### INSTRUCTIONS FOR THE TASK
Please print exactly the lines below, from the start of the material up to and including the line with "Modulo Plato Slim", but none of the pictures.
(MATERIAL FOR THE TASK Opens)
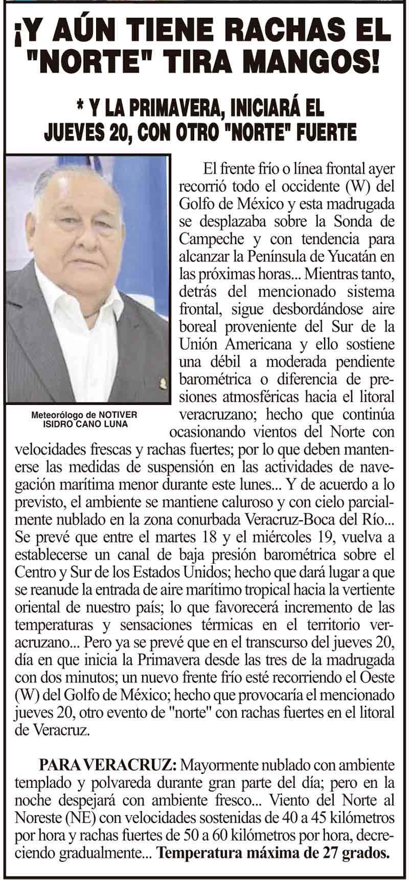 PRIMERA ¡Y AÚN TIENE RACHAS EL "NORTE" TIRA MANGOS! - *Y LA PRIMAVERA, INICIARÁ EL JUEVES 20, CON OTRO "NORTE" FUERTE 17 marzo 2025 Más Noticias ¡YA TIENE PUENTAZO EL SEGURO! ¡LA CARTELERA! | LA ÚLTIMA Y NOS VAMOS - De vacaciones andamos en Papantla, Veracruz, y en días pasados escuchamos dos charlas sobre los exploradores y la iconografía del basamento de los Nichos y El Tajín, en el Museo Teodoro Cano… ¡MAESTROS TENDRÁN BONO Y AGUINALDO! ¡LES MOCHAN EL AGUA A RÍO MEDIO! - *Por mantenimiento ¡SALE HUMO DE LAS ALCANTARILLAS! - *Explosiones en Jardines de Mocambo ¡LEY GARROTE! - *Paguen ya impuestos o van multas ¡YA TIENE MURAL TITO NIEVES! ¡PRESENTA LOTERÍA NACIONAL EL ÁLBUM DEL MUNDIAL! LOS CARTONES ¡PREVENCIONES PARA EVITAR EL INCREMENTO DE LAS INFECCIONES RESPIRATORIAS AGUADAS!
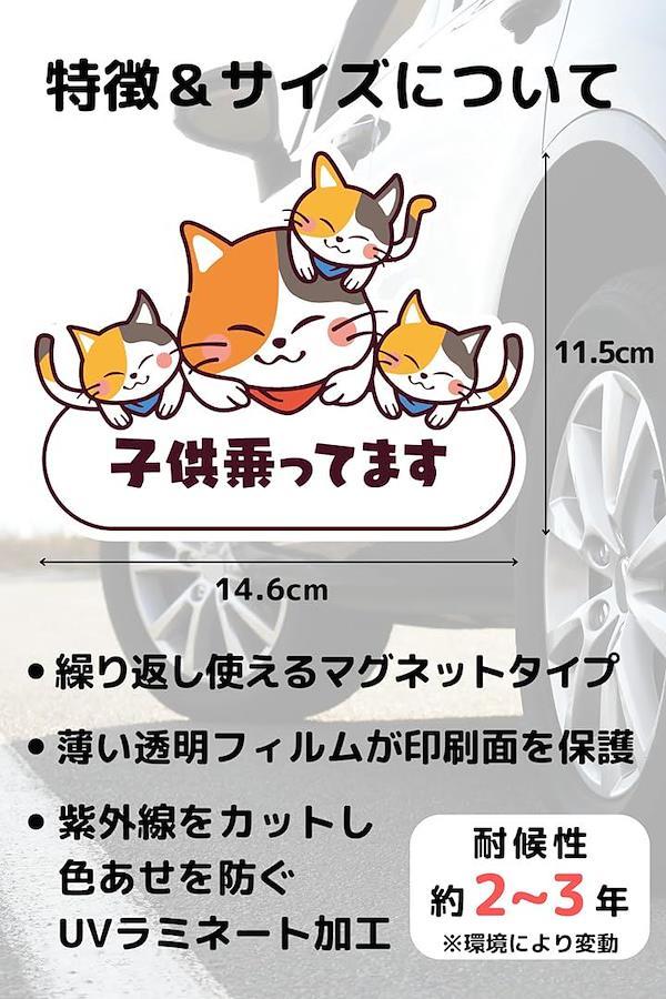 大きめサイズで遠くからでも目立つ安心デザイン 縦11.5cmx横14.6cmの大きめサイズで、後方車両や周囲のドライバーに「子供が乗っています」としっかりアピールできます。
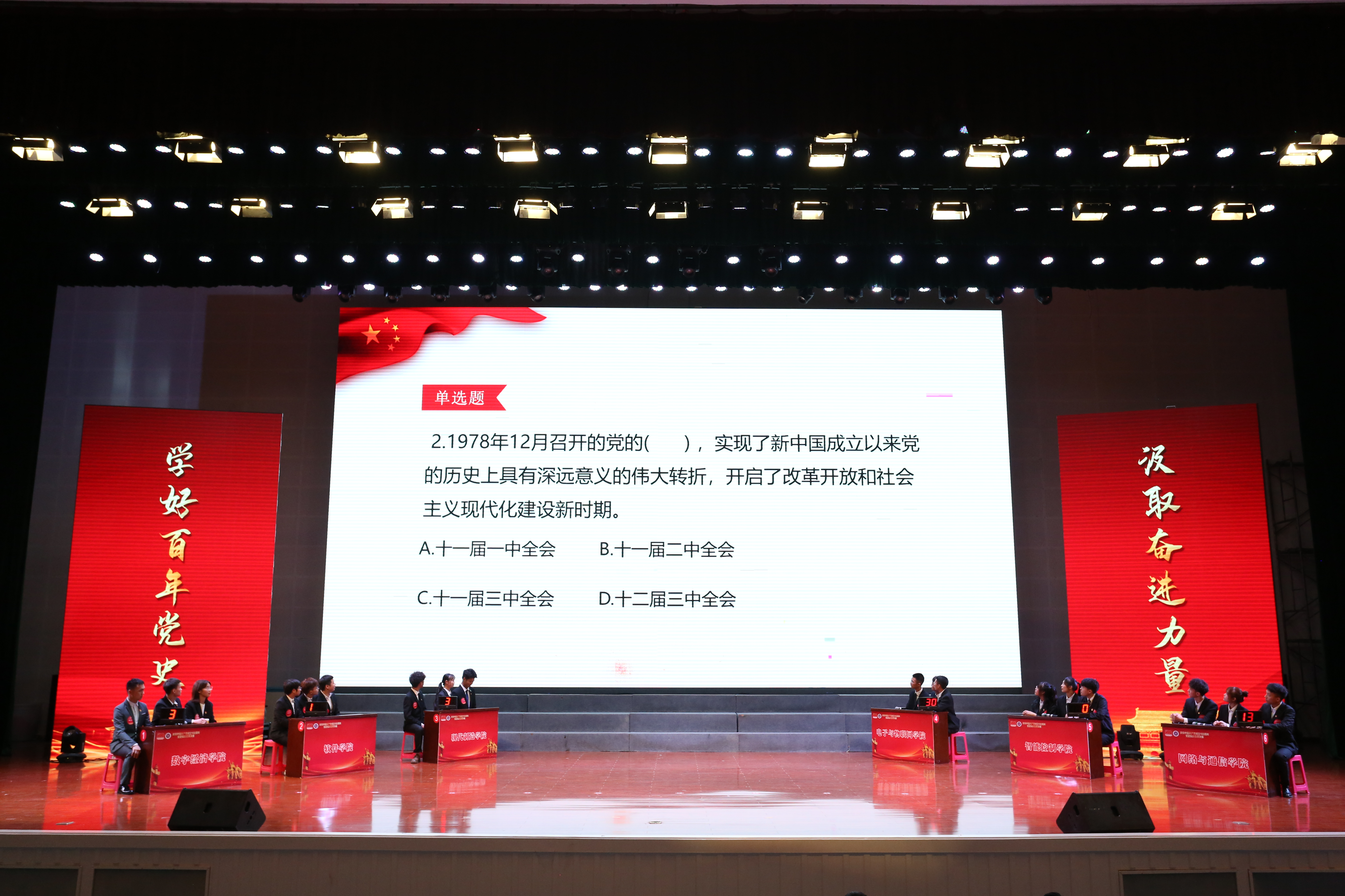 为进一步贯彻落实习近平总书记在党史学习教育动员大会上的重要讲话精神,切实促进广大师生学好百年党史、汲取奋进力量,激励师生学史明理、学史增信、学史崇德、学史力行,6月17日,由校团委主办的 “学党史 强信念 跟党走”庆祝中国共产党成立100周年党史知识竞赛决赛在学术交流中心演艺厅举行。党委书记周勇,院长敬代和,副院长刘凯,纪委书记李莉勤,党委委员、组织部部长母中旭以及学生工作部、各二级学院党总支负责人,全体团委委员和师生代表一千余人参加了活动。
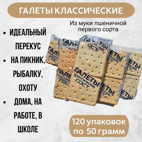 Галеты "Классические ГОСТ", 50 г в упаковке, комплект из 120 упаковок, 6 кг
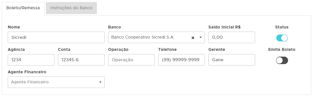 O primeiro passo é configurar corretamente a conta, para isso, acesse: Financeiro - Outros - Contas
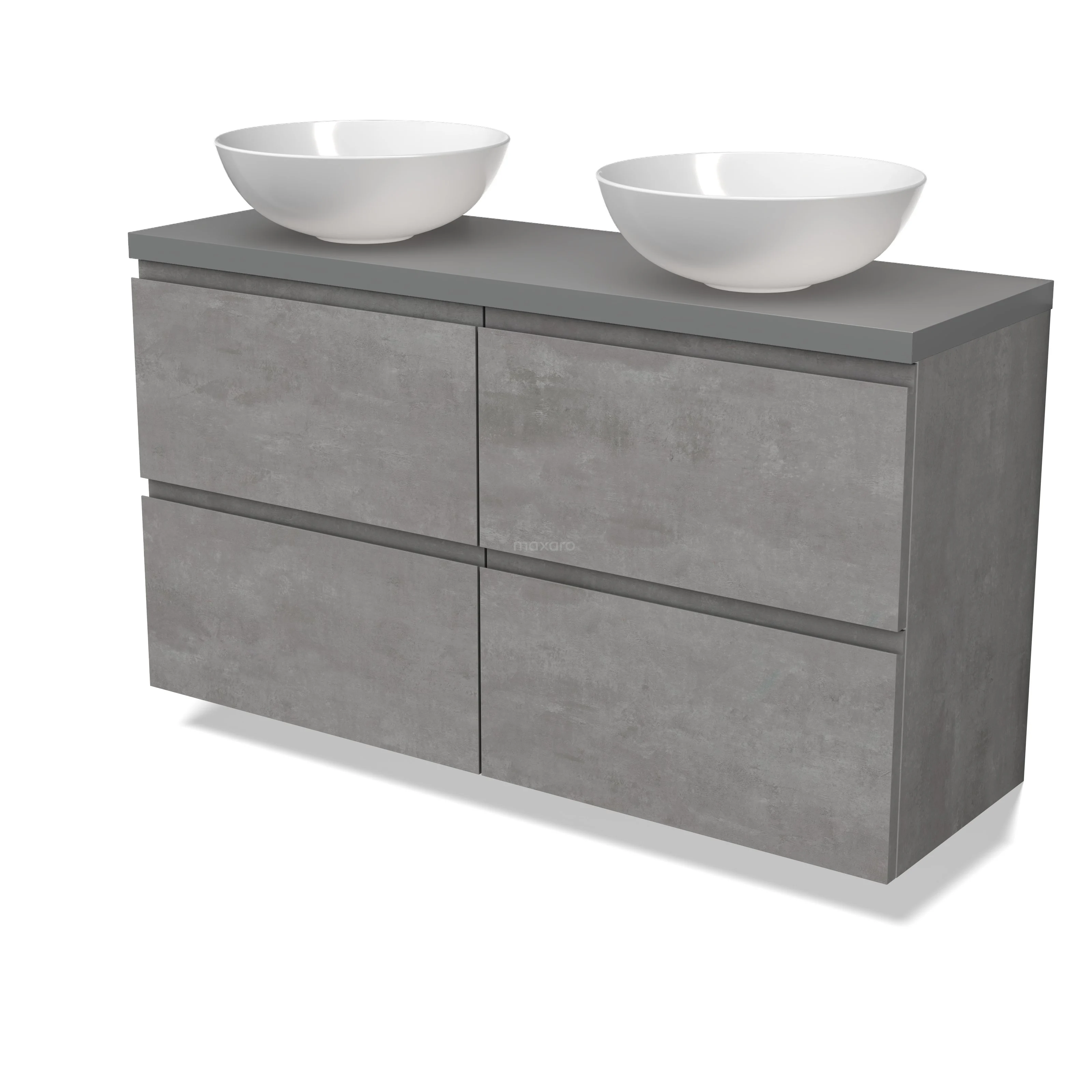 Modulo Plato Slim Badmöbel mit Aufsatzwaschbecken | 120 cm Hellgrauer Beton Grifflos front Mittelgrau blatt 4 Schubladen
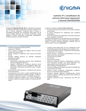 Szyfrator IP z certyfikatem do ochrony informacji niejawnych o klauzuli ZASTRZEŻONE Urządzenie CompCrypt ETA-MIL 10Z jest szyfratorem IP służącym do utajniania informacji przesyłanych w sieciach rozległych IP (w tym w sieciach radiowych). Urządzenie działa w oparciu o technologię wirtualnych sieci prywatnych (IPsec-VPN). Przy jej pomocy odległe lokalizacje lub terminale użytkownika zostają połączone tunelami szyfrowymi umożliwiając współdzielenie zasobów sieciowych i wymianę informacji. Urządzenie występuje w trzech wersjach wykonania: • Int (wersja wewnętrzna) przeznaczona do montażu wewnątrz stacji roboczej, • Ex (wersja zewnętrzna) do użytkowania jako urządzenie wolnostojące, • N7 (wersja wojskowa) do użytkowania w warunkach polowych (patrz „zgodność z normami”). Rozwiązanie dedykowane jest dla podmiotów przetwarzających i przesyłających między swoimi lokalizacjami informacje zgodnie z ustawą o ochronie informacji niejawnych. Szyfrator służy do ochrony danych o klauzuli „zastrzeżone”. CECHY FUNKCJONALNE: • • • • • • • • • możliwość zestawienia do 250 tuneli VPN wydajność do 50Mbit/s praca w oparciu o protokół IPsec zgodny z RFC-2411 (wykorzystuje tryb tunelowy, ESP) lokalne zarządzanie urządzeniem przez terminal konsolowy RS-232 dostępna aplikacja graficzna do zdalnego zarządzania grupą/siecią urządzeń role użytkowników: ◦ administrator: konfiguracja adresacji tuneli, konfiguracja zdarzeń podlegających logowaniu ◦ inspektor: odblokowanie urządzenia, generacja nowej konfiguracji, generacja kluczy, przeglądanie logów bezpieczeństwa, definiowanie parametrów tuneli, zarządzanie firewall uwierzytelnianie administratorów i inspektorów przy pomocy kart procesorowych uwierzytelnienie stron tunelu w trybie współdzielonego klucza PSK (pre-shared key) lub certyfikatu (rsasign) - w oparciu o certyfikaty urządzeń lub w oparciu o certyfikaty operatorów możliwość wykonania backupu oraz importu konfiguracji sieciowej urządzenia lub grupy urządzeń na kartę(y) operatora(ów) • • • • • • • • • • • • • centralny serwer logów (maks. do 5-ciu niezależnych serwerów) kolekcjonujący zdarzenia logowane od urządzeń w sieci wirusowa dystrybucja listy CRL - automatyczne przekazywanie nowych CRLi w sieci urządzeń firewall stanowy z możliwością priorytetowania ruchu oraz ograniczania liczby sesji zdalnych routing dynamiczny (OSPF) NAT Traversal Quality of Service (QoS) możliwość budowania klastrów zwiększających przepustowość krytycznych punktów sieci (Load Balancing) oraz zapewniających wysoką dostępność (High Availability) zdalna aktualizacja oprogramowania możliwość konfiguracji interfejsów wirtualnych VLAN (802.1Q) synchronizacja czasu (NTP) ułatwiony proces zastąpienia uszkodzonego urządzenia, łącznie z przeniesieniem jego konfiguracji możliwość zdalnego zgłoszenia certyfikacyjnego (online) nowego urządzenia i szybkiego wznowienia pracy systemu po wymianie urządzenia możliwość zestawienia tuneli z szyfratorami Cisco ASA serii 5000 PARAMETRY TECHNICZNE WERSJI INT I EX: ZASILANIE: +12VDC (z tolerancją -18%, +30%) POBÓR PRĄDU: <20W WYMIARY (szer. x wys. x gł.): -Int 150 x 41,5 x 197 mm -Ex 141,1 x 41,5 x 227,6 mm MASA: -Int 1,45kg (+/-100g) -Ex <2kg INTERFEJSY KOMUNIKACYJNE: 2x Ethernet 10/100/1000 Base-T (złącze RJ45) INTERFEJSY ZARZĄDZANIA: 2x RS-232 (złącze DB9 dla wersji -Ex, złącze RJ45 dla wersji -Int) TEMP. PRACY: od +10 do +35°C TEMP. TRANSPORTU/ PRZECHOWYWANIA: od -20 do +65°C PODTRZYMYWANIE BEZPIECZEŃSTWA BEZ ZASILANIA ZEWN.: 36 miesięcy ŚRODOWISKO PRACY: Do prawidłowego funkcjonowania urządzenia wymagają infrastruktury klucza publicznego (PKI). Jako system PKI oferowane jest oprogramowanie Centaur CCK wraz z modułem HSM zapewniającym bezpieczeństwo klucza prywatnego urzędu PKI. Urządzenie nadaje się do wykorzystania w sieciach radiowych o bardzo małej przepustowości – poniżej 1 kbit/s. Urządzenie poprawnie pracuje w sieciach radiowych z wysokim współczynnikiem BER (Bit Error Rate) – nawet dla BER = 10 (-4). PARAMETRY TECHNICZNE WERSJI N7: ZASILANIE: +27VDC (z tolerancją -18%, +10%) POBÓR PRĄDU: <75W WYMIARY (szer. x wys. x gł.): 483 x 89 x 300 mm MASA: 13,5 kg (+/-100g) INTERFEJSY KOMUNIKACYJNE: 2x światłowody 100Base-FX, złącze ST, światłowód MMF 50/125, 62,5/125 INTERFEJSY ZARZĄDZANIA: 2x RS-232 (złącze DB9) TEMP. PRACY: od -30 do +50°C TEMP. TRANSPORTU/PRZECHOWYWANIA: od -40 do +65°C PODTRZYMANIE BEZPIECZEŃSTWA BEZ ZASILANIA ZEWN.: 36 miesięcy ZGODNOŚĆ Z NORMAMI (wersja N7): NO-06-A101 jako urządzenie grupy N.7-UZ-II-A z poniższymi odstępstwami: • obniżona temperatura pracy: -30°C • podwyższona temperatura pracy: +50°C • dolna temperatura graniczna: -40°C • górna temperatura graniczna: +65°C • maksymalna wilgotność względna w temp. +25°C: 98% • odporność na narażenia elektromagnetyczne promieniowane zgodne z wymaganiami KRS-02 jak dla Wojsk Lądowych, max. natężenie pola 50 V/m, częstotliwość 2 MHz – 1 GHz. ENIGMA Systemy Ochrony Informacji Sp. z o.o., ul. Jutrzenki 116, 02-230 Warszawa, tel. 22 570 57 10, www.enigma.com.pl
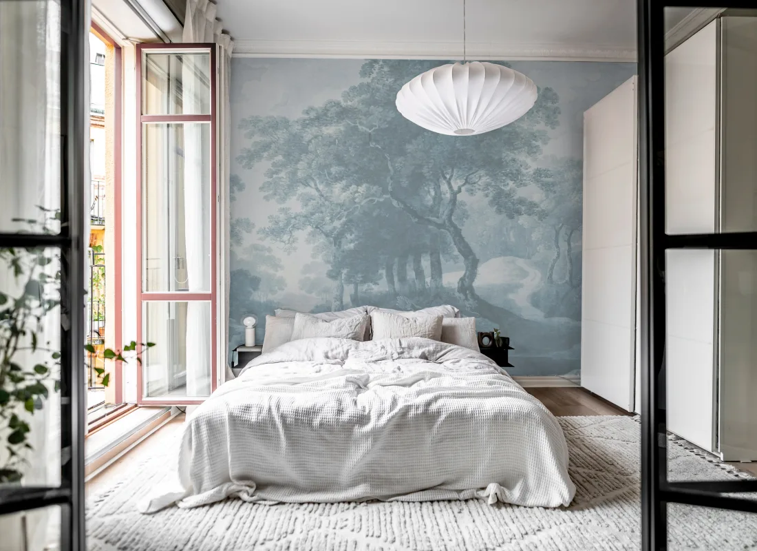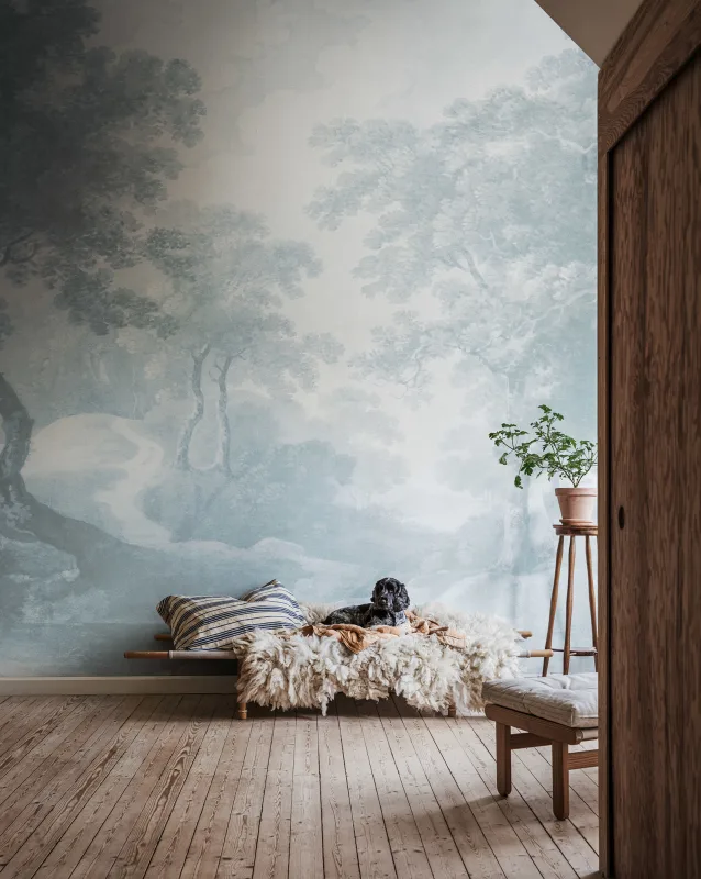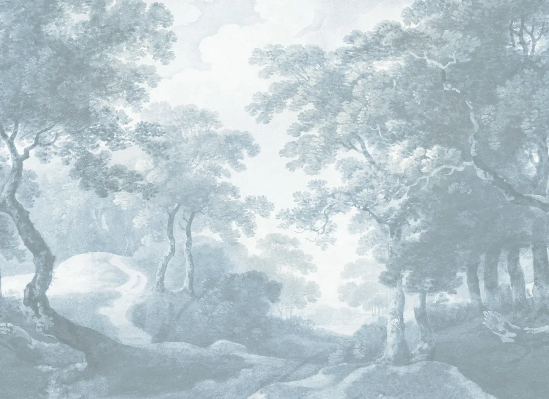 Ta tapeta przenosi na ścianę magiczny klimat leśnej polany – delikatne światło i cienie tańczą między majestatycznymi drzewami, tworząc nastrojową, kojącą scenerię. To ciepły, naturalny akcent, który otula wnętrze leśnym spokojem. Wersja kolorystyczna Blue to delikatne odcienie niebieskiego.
(MATERIAL FOR THE TASK Closes)
### EXERCISE ANSWER
 PRIMERA ¡Y AÚN TIENE RACHAS EL "NORTE" TIRA MANGOS! - *Y LA PRIMAVERA, INICIARÁ EL JUEVES 20, CON OTRO "NORTE" FUERTE 17 marzo 2025 Más Noticias ¡YA TIENE PUENTAZO EL SEGURO! ¡LA CARTELERA! | LA ÚLTIMA Y NOS VAMOS - De vacaciones andamos en Papantla, Veracruz, y en días pasados escuchamos dos charlas sobre los exploradores y la iconografía del basamento de los Nichos y El Tajín, en el Museo Teodoro Cano… ¡MAESTROS TENDRÁN BONO Y AGUINALDO! ¡LES MOCHAN EL AGUA A RÍO MEDIO! - *Por mantenimiento ¡SALE HUMO DE LAS ALCANTARILLAS! - *Explosiones en Jardines de Mocambo ¡LEY GARROTE! - *Paguen ya impuestos o van multas ¡YA TIENE MURAL TITO NIEVES! ¡PRESENTA LOTERÍA NACIONAL EL ÁLBUM DEL MUNDIAL! LOS CARTONES ¡PREVENCIONES PARA EVITAR EL INCREMENTO DE LAS INFECCIONES RESPIRATORIAS AGUADAS!
 大きめサイズで遠くからでも目立つ安心デザイン 縦11.5cmx横14.6cmの大きめサイズで、後方車両や周囲のドライバーに「子供が乗っています」としっかりアピールできます。
 为进一步贯彻落实习近平总书记在党史学习教育动员大会上的重要讲话精神,切实促进广大师生学好百年党史、汲取奋进力量,激励师生学史明理、学史增信、学史崇德、学史力行,6月17日,由校团委主办的 “学党史 强信念 跟党走”庆祝中国共产党成立100周年党史知识竞赛决赛在学术交流中心演艺厅举行。党委书记周勇,院长敬代和,副院长刘凯,纪委书记李莉勤,党委委员、组织部部长母中旭以及学生工作部、各二级学院党总支负责人,全体团委委员和师生代表一千余人参加了活动。
 Галеты "Классические ГОСТ", 50 г в упаковке, комплект из 120 упаковок, 6 кг
 O primeiro passo é configurar corretamente a conta, para isso, acesse: Financeiro - Outros - Contas
 Modulo Plato Slim Badmöbel mit Aufsatzwaschbecken | 120 cm Hellgrauer Beton Grifflos front Mittelgrau blatt 4 Schubladen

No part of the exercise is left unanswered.